Felicitia grinned. “So I am,” he said. He spread little brown wings, stretching the blouse thin as it rode up over them. The feathers were highlighted with silver and cinnabar red.

Dunlin was shocked. “I wish to return home.”

“Can’t be done.” Felicitia minced over and looked him up and down—although more up than down as Felicitia was so short. “Jant and I go back a long way,” he said. “Two hundred years! Well, and I’ve been holding a candle for him all that time. Two hundred years and I never even got my fingers burned.”

I said, “This is hardly important at the moment.”

“He’s so
shy
. But yes! We should drink! We should celebrate! Keziah—beer for his Kingness. Whiskey for the Rhydanne. Pour yourself a tomato juice.”

“Don’t mind if I do,” said the lizard.

“Happy Demise-day, Your Highness.”

“Jant. I should skin you alive.”

The King found himself immersed in raucous camaraderie, while dusk gathered and snow began to build up against the bull’s-eye–paned windows.

 

I
was halfway through explaining the Shift to Dunlin, when the heat-blistered door shuddered open, the bar fell quiet, and my voice rang out loud in the sudden silence. A Tine lumbered in and walked to the bar, creaking the floorboards. Keziah handed him a liter-jug of red juice which he downed in one, received a refill, and seated himself on the table we were using, squashing the ashtray and levering the far end of the table high into the air.

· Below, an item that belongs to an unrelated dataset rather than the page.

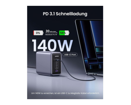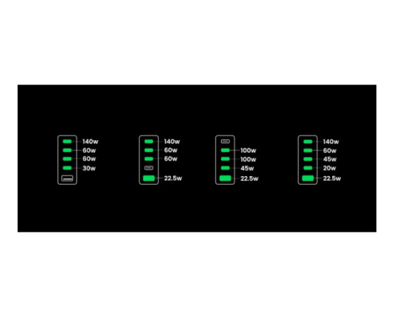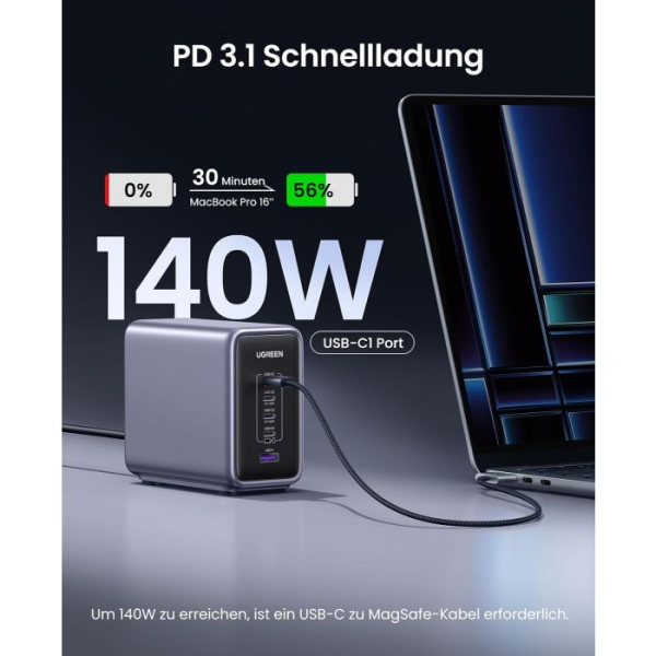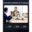inovativni 300 W polnilnik s hitrostjo polnjenja PD 3.1 podpira največ 140 W. Izhod na USB-C1 in lahko napolni MacBook Pro 2021 16 inch od 0 % do 56 % v 30 minutah. S hkratno uporabo USB C1 & C2 & C3 je mogoče doseči največjo moč 300 W (140 W + 100 W + 60 W).

The Tine had transparent plates like flexible glass sewn into his arms and legs, surrounded by thick seams of scar tissue, and at every movement his muscles’ pink mass stretched and smeared against them. Blue tattooed dots, the size of pennies, ran in lines over his face; his silver-white hair streaked a wispy blue and purple, starched into long spines; and at least twenty thin silver rings pierced the edge of one ear.

He was easily the biggest creature in the bar, and his arms and legs were knotted muscle-columns, his only clothing a thin blue silk rag wound round his waist. His back was covered by the round, highly polished plates of his oval shell, like a tortoise shell. A crack across it had been badly riveted together, and the bronze studs were turning green with verdigris. Wires crusted with dried lymph, and bound into a bundle with yellow and red tape, ran from under it and disappeared into his spine at the small of his back.